Saved entries:

== == ==

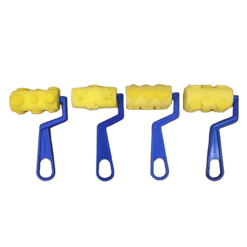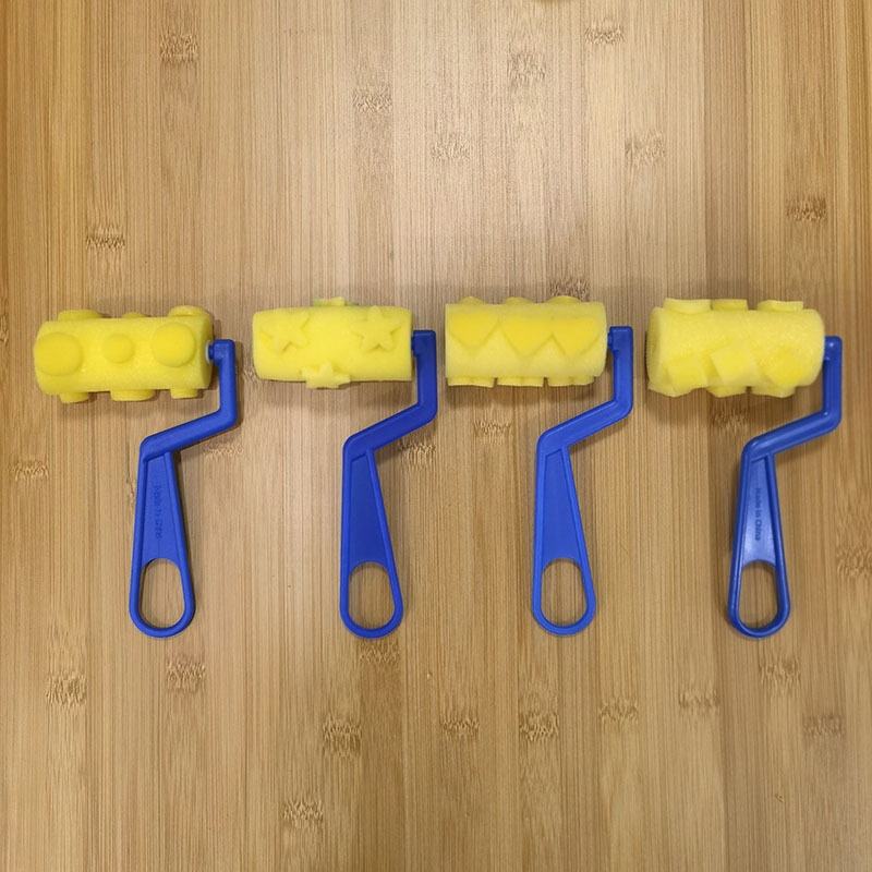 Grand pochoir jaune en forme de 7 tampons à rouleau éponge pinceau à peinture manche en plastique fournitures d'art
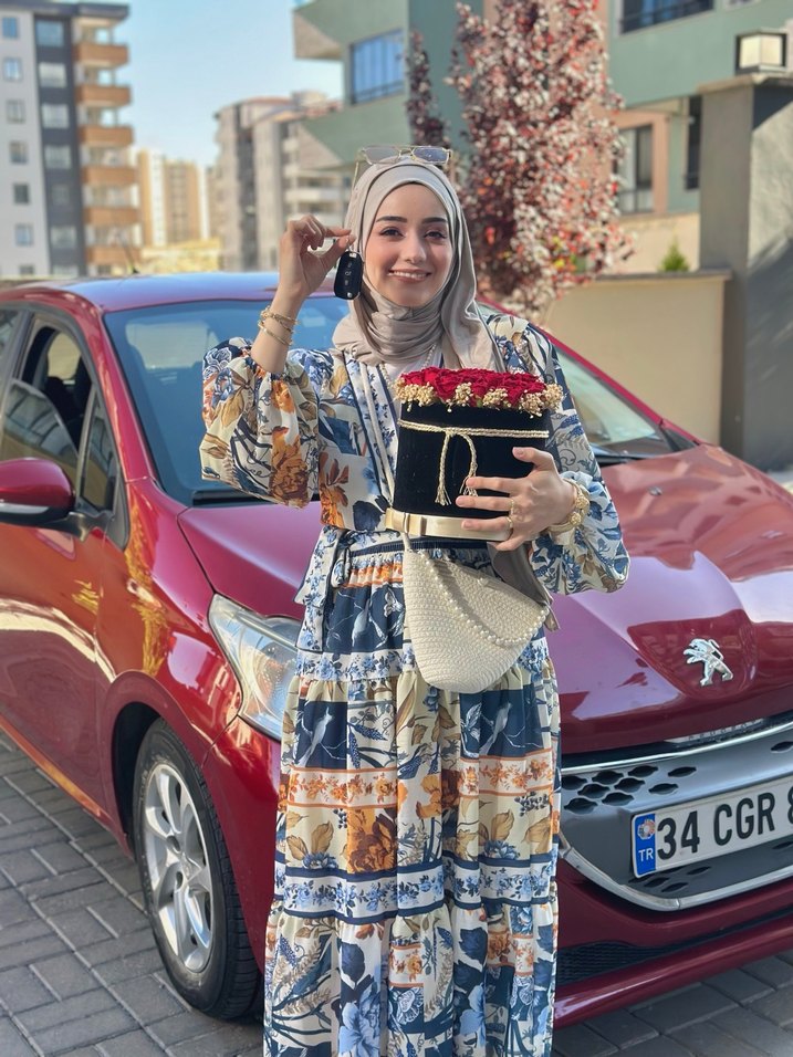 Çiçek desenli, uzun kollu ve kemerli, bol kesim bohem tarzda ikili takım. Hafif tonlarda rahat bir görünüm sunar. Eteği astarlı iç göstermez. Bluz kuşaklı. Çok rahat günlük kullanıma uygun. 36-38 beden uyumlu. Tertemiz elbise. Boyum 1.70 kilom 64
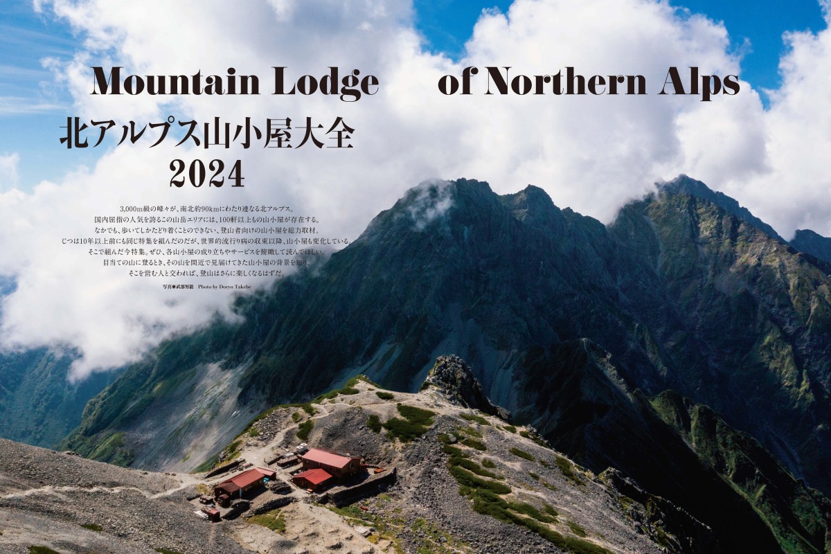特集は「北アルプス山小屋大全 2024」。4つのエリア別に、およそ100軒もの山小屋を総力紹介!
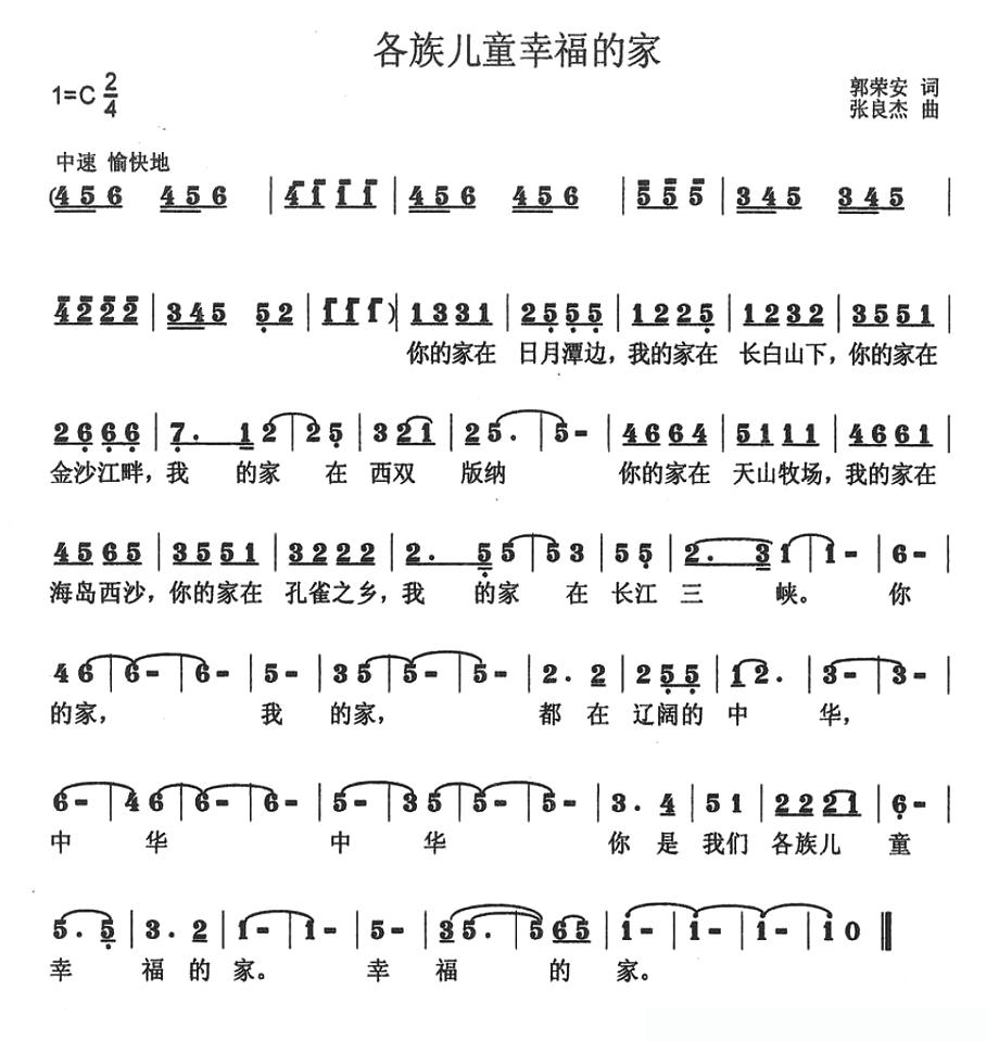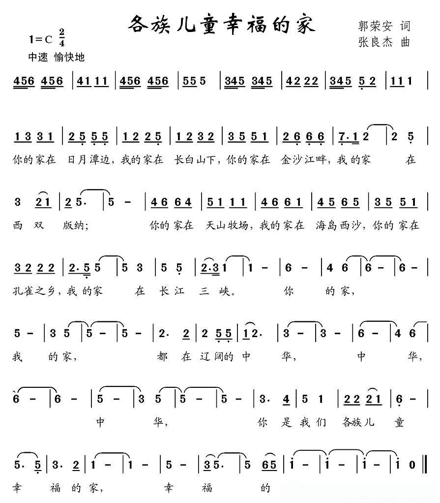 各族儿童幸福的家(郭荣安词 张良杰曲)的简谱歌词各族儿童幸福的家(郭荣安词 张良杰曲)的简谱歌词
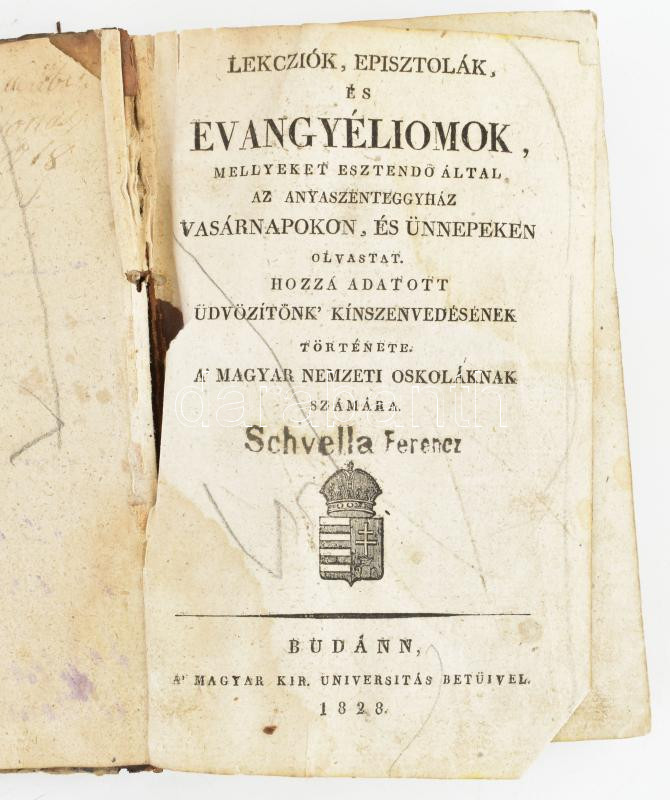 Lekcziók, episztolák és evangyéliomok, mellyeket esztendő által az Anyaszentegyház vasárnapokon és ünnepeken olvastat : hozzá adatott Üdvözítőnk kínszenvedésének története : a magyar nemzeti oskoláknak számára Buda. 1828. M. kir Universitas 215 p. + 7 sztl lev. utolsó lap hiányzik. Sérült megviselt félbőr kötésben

== == ==

Task prompt:
Could you repeat exactly the lines from the first one of the records above through the line containing "各族儿童幸福的家(郭荣安词 张良杰曲)的简谱歌词各族儿童幸福的家(郭荣安词 张良杰曲)的简谱歌词", leaving out any pictures?

Finished exercise:
 Grand pochoir jaune en forme de 7 tampons à rouleau éponge pinceau à peinture manche en plastique fournitures d'art
 Çiçek desenli, uzun kollu ve kemerli, bol kesim bohem tarzda ikili takım. Hafif tonlarda rahat bir görünüm sunar. Eteği astarlı iç göstermez. Bluz kuşaklı. Çok rahat günlük kullanıma uygun. 36-38 beden uyumlu. Tertemiz elbise. Boyum 1.70 kilom 64
特集は「北アルプス山小屋大全 2024」。4つのエリア別に、およそ100軒もの山小屋を総力紹介!
 各族儿童幸福的家(郭荣安词 张良杰曲)的简谱歌词各族儿童幸福的家(郭荣安词 张良杰曲)的简谱歌词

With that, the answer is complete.